Why does bash set $? (exit status) to non-zero on Ctrl-C or Ctrl-Z?

Because 0 is the exit code for a normal exit state.

Intercepting an Interrupt or Break signal is not a usual exit state, nor is being suspended to the background. The non-zero exit codes tell you this is what is happening so that you can react accordingly in a script if the job it fires off is killed or suspended rather than exiting conventionally with a non-error state.

The interactive shell session, when you press ^C, which throws a SIGINT signal (signal 2), aborts the current interactive command entry, which is a non-normal state for the command entry (i. e. the command prompt) to be in. This causes it to return status 130 (128+2), and give you a new prompt.

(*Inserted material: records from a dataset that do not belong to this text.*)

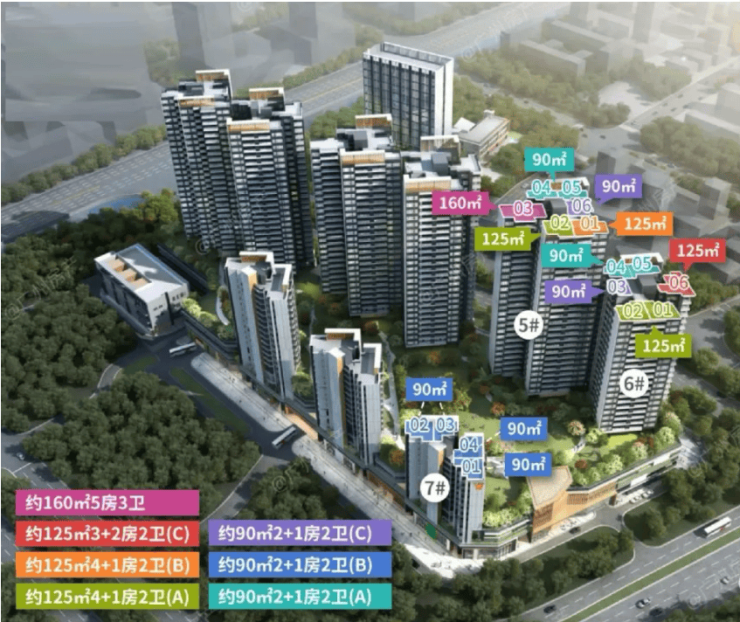 项目主力在售精装户型建面约 90-160㎡,涵盖三房、四房、五房全产品线,精准覆盖刚需、刚改、终极改善全客群需求。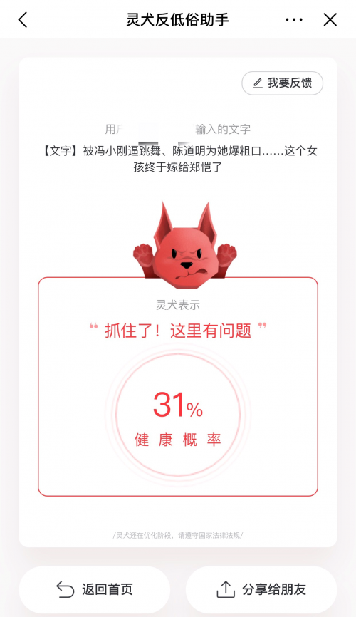 从这些检测来看,只要我们在“灵犬”内输入一段文本,“灵犬”可以迅速给出反馈。在当前网络内容参差不齐的情况下,尤其是用户观看一篇文章时,难以判断是否存在低俗低质内容的情况下,“灵犬”则可以在三秒左右帮助用户检测出结果。此外,对于一些内容创作者来说,“灵犬”也能帮助其自测,提前排除文章中的低俗低质内容。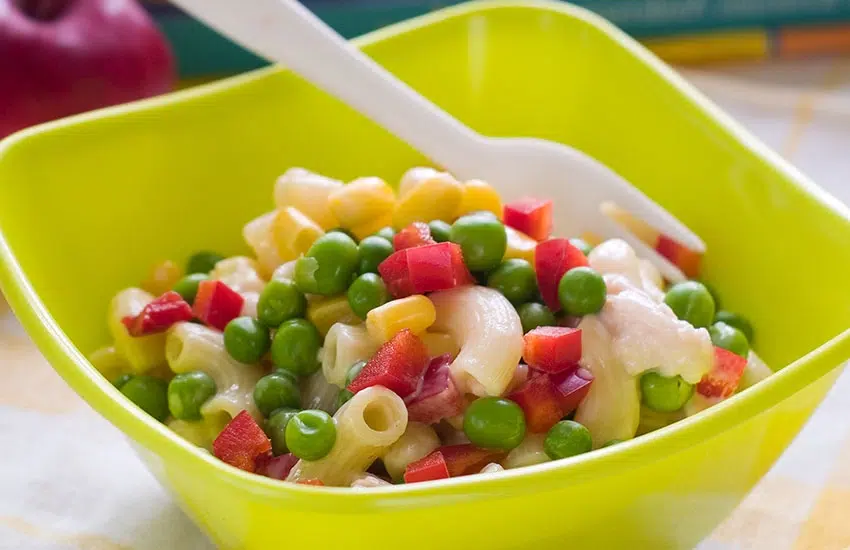 Doe de koude pasta in een slakom, samen met de tomatenblokjes, maïs en erwtjes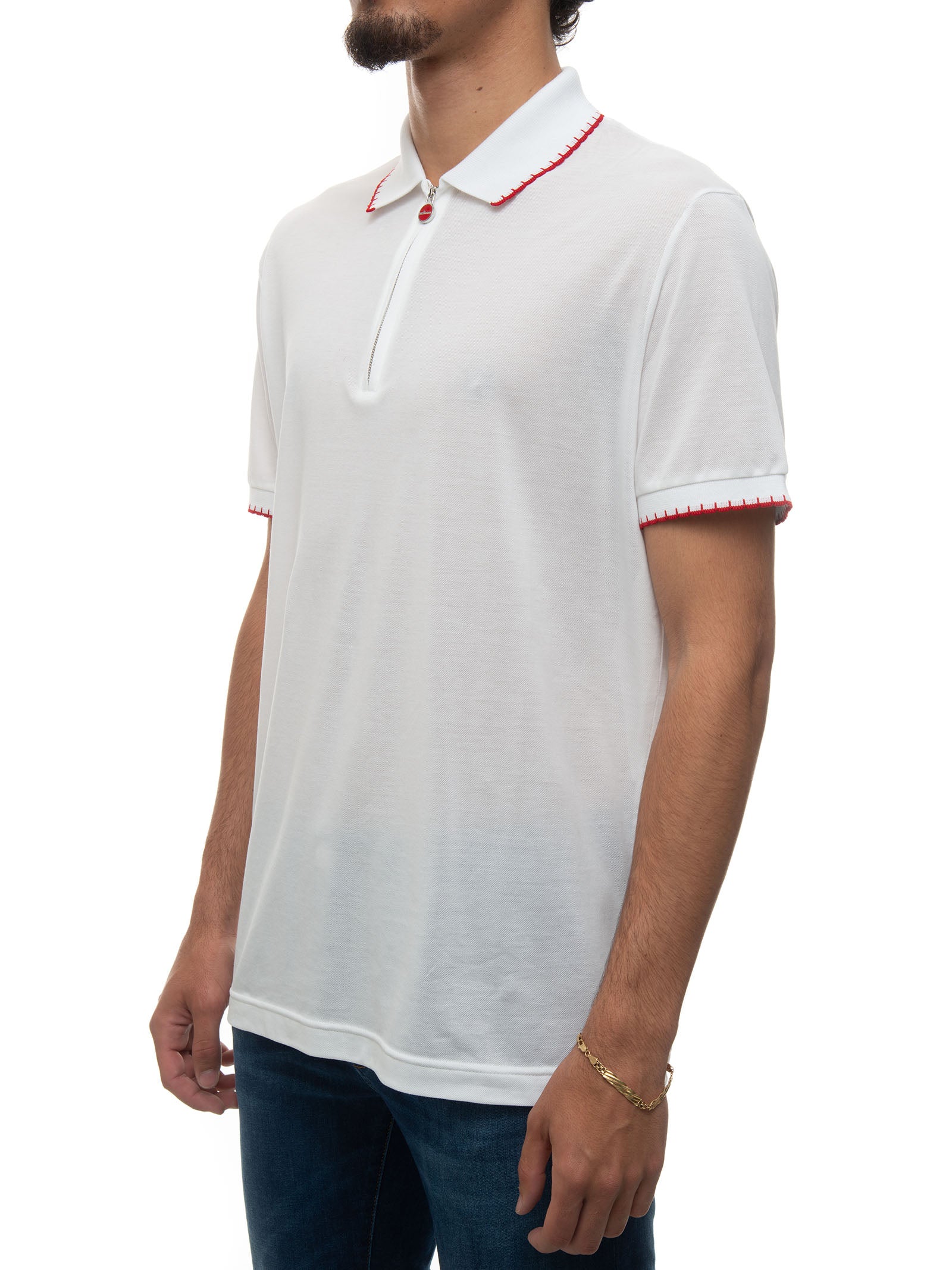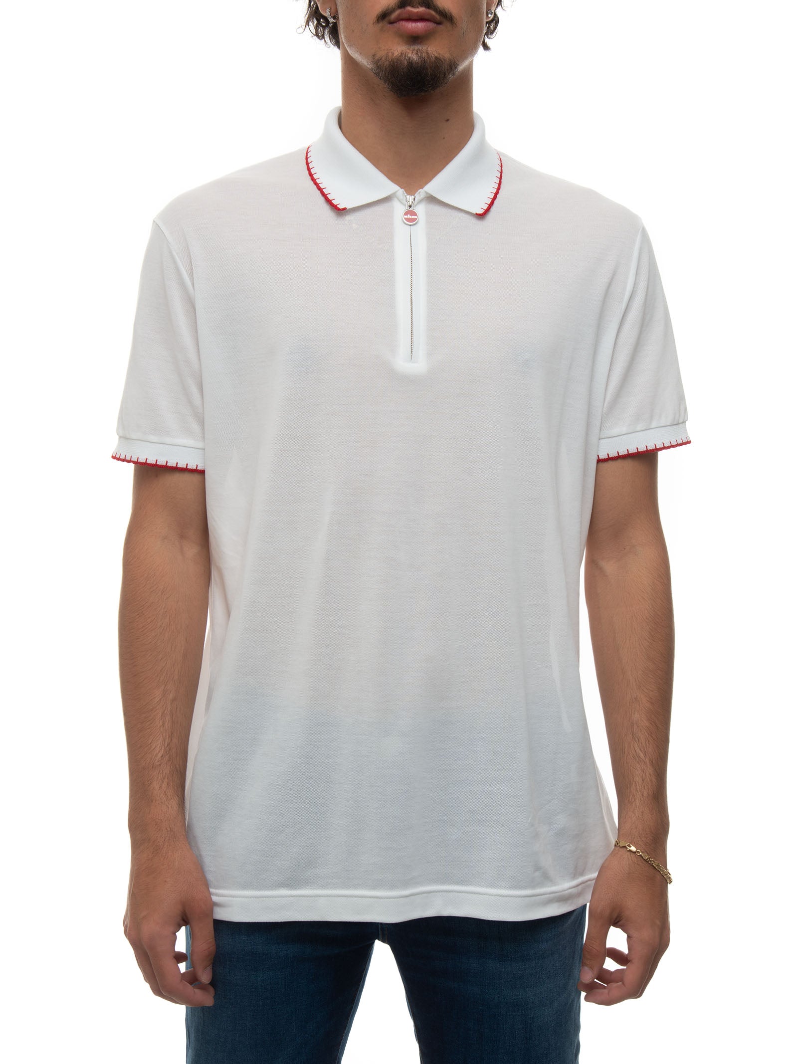 Short sleeve polo, contrasting color details, back logo, front zip, logo slider, pique fabric, regular fit, composition: 100% cotton, line: KITON.

More details can be found at http://tldp.org/LDP/abs/html/exitcodes.html#EXITCODESREF.


When you press Ctrl+C on the command line, nothing exits, but the handler for SIGINT (sigint_sighandler()) sets the exit status to 130 (128 + 2, as DopeGhoti's answer explains) anyway:

if (interrupt_immediately)
  {
    interrupt_immediately = 0;
    last_command_exit_value = 128 + sig;
    throw_to_top_level ();
  }

And in throw_to_top_level():

if (interrupt_state)
  {
    if (last_command_exit_value < 128)
    last_command_exit_value = 128 + SIGINT;
    print_newline = 1;
    DELINTERRUPT;
  }

When you press Ctrl+C to kill a background process, the shell observes that the process has died and also sets the exit status $? to 128 plus the signal number.

When you press Ctrl+Z to suspend a background process, the shell observes that something has happened to the process: it hasn't died, but the information is reported through the same system call (wait and friends). Here as well, the shell sets the exit status $? to 128 plus the signal number, which is 148 (SIGTSTP = 20).